10月20日の予行は雨に見舞われましたが、27日の本番は関係者の願いが空に届いたか快晴。風が強く、予定されていた空挺降下は中止となりましたが、その他の行事は恵まれた天候のもと、行われました。
自衛隊の最高指揮官である、安倍晋三内閣総理大臣を観閲官として迎えて開式。栄誉礼や巡閲を経て、安倍首相は訓示を行いました。
安倍首相らが座る観閲台の前には、内閣総理大臣旗、防衛大臣旗、防衛副大臣旗に加え、統合幕僚長旗をはじめとする陸海空幕僚長旗がズラリ。これだけのVIP旗が並ぶと壮観です。
また、在日アメリカ軍幹部をはじめ、各国の駐在武官も出席しているので、様々な軍服を見ることのできる貴重な機会。会場では武官による一種の外交も行われます。
訓示が終わると、第1空挺団の隊員による空挺降下の予定でしたが、強風の為にキャンセル。
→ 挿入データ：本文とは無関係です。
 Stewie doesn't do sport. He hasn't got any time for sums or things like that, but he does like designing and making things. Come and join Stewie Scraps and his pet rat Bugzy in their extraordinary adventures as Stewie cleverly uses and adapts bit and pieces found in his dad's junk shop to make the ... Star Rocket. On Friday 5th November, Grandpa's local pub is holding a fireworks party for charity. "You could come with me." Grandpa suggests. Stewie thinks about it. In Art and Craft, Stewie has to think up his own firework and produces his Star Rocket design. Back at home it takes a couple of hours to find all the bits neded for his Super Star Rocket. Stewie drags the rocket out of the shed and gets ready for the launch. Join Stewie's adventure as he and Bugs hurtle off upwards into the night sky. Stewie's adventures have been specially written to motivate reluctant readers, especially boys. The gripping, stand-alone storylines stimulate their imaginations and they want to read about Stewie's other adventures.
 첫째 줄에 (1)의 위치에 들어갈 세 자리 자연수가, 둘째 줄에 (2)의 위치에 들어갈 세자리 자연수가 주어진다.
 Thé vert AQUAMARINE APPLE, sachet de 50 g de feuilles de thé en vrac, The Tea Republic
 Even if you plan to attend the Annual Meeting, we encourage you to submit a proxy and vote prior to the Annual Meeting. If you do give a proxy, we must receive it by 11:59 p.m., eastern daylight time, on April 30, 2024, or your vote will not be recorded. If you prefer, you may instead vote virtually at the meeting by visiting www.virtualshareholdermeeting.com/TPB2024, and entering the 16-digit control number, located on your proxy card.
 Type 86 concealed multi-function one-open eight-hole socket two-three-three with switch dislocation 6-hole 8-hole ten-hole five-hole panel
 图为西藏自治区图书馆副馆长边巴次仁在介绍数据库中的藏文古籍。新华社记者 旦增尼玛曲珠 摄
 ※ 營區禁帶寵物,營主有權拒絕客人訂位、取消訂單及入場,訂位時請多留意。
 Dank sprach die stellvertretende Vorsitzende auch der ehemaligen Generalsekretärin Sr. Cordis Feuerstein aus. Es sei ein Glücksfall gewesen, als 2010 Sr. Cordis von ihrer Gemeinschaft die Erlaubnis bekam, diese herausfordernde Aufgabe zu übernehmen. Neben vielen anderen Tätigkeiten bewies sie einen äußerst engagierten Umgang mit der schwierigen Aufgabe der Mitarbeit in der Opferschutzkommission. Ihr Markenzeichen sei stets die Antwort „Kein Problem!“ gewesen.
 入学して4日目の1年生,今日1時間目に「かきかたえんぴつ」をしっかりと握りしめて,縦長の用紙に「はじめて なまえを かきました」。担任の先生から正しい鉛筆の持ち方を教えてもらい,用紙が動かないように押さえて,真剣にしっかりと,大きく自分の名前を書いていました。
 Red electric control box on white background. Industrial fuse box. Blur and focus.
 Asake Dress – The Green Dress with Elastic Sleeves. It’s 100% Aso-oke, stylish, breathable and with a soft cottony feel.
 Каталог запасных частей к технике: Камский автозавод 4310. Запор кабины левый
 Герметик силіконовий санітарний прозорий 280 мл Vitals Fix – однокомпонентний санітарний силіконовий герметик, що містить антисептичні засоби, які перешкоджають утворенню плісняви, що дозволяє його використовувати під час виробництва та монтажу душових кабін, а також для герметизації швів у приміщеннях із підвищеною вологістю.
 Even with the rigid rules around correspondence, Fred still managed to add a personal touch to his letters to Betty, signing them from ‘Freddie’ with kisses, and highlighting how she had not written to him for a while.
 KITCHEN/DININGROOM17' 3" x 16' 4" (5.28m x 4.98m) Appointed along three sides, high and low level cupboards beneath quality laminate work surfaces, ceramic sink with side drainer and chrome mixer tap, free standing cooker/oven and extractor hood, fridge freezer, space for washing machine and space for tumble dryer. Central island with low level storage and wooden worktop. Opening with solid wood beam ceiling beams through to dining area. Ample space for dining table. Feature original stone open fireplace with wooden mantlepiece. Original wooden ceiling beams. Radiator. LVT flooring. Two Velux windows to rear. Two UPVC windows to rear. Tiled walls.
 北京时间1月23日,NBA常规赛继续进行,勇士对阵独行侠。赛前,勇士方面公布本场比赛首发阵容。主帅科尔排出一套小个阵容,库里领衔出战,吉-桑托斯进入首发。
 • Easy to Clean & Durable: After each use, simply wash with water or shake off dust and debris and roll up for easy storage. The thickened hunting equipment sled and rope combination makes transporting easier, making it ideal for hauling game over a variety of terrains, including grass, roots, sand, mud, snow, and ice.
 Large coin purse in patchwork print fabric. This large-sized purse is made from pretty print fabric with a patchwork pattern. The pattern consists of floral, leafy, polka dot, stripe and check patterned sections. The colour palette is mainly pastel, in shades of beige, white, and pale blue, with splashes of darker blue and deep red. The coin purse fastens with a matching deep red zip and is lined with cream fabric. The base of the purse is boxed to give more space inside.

アナウンスで中止が告げられると、集まった観衆から残念そうな声が。危険でもありますし、流されて民家などに行ってしまってはいけませんから、やむを得ませんね。
陸上自衛隊中央音楽隊、海上自衛隊東京音楽隊、航空自衛隊航空中央音楽隊合同による音楽隊の演奏で、いよいよ観閲行進が始まります。指揮をするのは陸上自衛隊中央音楽隊長。観閲部隊指揮官である第1師団長の車を先頭に、まずは徒歩行進です。「陸軍分列行進曲」にのって、防衛大学校学生隊、防衛医科大学校学生隊、高等工科学校生徒隊と、自衛隊の未来を担う人材が行進。防衛大学校と高等工科学校の代表はサーベル、そして防衛医科大学校の代表は医学の象徴である「アスクレピオスの杖」を持っての行進です。
学生に続いて普通科部隊、空挺部隊が行進。普通科部隊は第1普通科連隊に所属する隊員達。今回の観閲式に参加している部隊の多くは、10月16日以降、伊豆大島で発生した土砂災害の行方不明者捜索の為に災害派遣されている部隊でもあります。災害派遣された隊員も観閲行進する隊員も、どちらも自衛隊の代表として活動している訳ですが、伊豆大島で行方不明者を捜索している同僚達の思いも乗せて、彼らは行進している訳です。
さて、素人目には徒歩行進の意味というか見方がよく判らないかもしれません。一見ただ歩いてるだけに見えますが、この行進の間隔・動きが揃っているというのは、訓練が行き届いているという証拠。つまり、任務を忠実に実行できる練度の高さが行進の動きに反映されているということなのです。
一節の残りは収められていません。